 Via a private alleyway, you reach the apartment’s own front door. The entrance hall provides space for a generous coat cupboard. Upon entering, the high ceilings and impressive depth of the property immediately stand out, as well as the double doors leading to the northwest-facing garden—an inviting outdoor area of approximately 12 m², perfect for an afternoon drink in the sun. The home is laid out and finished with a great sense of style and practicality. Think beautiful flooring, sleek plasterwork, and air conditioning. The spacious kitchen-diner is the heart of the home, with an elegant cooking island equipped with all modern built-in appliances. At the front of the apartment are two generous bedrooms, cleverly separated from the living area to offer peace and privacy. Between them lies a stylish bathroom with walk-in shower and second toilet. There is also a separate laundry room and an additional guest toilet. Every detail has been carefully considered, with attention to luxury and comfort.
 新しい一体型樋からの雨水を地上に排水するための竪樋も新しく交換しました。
+++
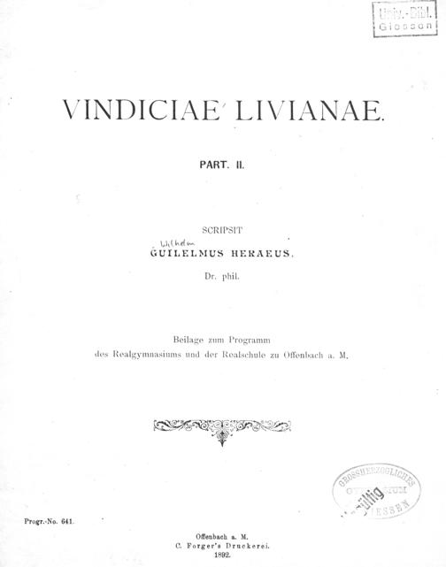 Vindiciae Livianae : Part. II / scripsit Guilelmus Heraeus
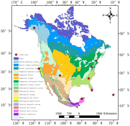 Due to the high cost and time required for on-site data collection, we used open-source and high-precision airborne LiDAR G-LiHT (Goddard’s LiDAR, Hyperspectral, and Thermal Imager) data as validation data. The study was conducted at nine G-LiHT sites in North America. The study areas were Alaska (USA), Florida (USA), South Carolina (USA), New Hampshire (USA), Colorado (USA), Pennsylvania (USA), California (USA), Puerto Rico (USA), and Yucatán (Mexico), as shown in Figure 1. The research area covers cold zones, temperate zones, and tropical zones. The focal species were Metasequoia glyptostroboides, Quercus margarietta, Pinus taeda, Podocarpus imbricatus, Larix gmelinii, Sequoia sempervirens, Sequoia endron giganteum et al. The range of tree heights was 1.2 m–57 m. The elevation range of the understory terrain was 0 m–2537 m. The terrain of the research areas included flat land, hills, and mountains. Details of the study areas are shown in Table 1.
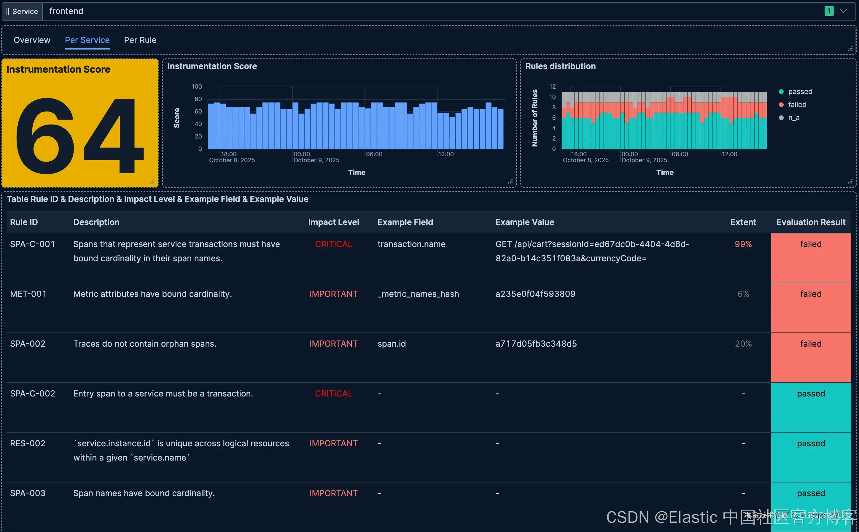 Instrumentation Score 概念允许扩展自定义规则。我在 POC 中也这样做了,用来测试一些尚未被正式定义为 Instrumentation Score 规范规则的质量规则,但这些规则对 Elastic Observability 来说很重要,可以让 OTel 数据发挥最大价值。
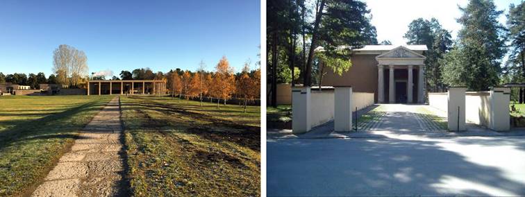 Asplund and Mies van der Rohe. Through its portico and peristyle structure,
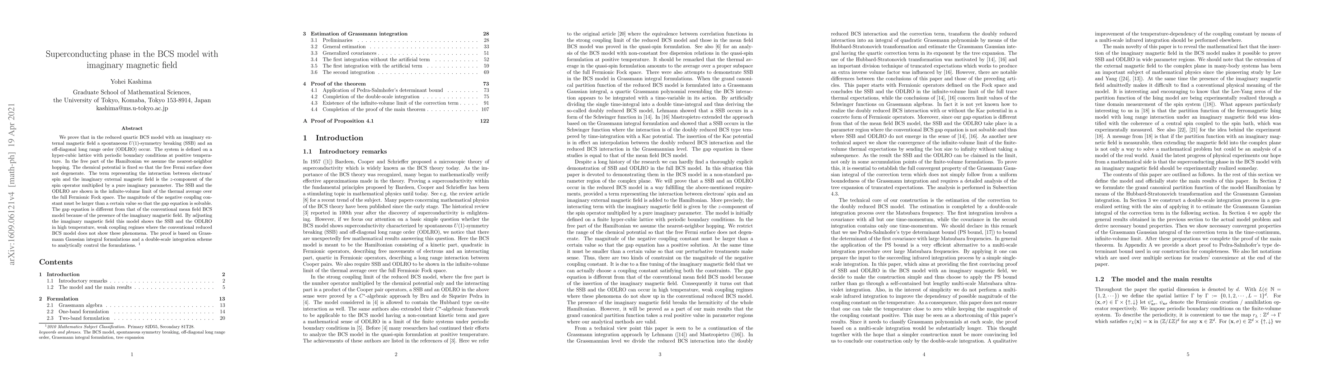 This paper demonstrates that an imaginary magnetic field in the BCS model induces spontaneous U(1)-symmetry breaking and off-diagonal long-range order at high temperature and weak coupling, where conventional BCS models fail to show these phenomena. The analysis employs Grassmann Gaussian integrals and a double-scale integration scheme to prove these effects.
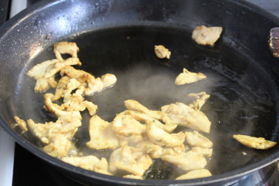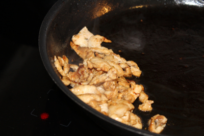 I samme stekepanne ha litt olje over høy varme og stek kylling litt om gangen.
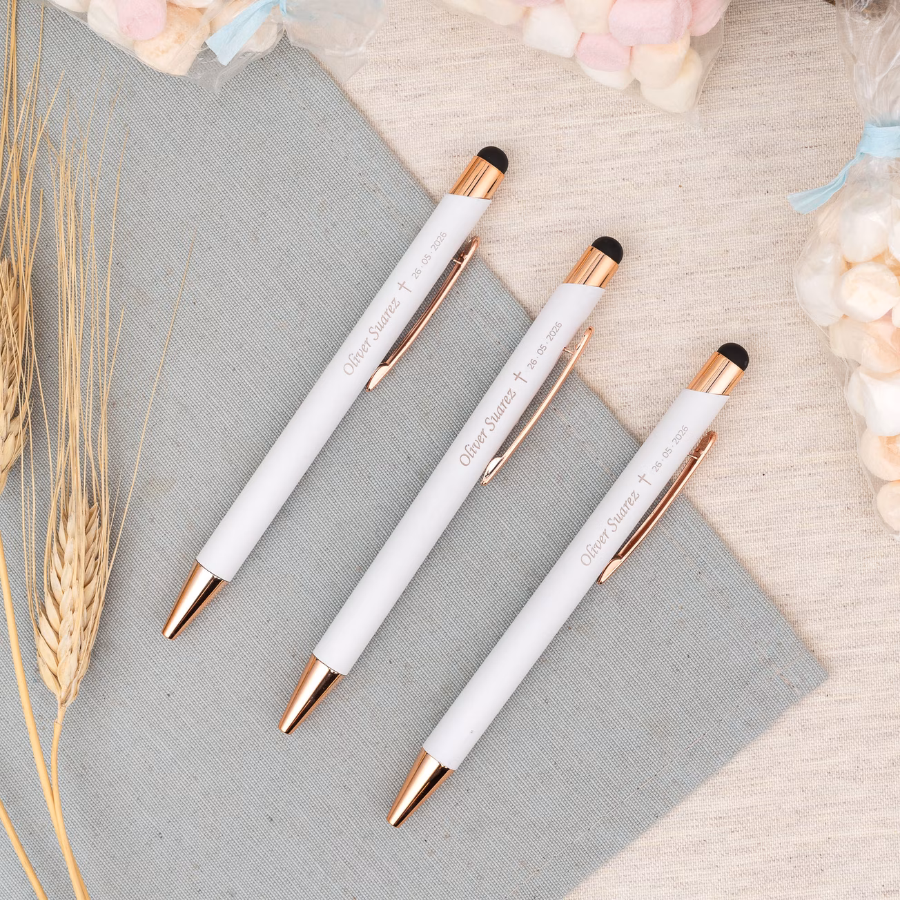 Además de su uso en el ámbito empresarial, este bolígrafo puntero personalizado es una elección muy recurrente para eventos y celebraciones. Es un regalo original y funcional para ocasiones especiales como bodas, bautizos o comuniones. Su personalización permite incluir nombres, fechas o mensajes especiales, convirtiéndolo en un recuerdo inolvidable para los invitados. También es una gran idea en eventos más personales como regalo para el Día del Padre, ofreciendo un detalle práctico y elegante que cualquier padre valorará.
+++
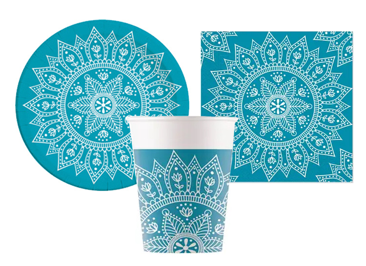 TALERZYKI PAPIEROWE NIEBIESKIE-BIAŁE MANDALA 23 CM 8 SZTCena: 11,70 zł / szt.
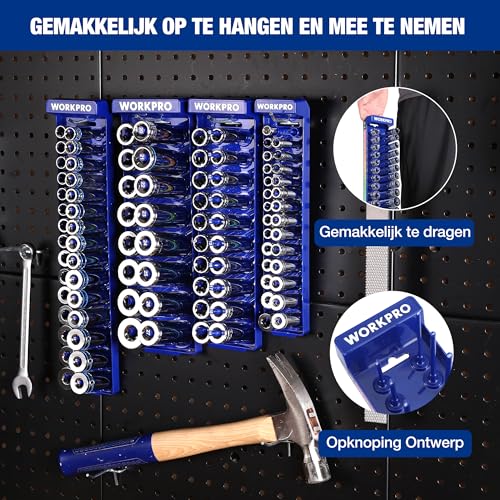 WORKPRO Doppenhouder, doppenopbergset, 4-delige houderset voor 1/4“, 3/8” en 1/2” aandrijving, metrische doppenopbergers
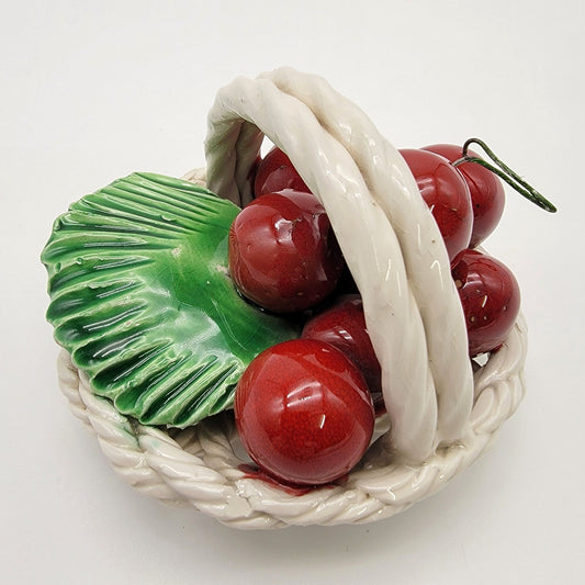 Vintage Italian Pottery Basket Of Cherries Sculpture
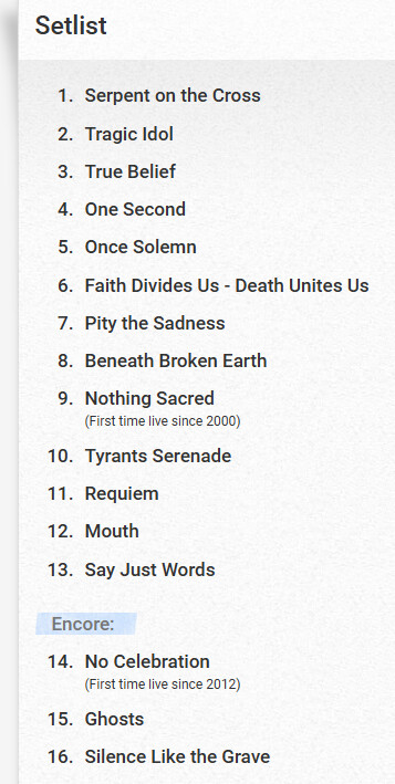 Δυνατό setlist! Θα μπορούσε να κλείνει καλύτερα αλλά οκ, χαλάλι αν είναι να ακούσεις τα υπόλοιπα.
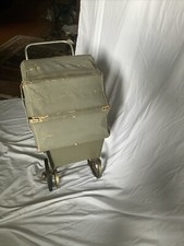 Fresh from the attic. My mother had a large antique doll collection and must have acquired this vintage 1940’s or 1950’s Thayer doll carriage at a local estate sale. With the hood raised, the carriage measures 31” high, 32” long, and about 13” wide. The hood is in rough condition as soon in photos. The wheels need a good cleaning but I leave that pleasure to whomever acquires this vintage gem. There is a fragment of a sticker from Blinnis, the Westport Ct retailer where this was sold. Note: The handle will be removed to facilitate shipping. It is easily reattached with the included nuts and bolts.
+++
* Required work: Using the entries above, transcribe exactly from the line that has "This paper demonstrates" through the line that has "Además de su". Pictures are dropped.

* Solved exercise:
 This paper demonstrates that an imaginary magnetic field in the BCS model induces spontaneous U(1)-symmetry breaking and off-diagonal long-range order at high temperature and weak coupling, where conventional BCS models fail to show these phenomena. The analysis employs Grassmann Gaussian integrals and a double-scale integration scheme to prove these effects.
 I samme stekepanne ha litt olje over høy varme og stek kylling litt om gangen.
 Además de su uso en el ámbito empresarial, este bolígrafo puntero personalizado es una elección muy recurrente para eventos y celebraciones. Es un regalo original y funcional para ocasiones especiales como bodas, bautizos o comuniones. Su personalización permite incluir nombres, fechas o mensajes especiales, convirtiéndolo en un recuerdo inolvidable para los invitados. También es una gran idea en eventos más personales como regalo para el Día del Padre, ofreciendo un detalle práctico y elegante que cualquier padre valorará.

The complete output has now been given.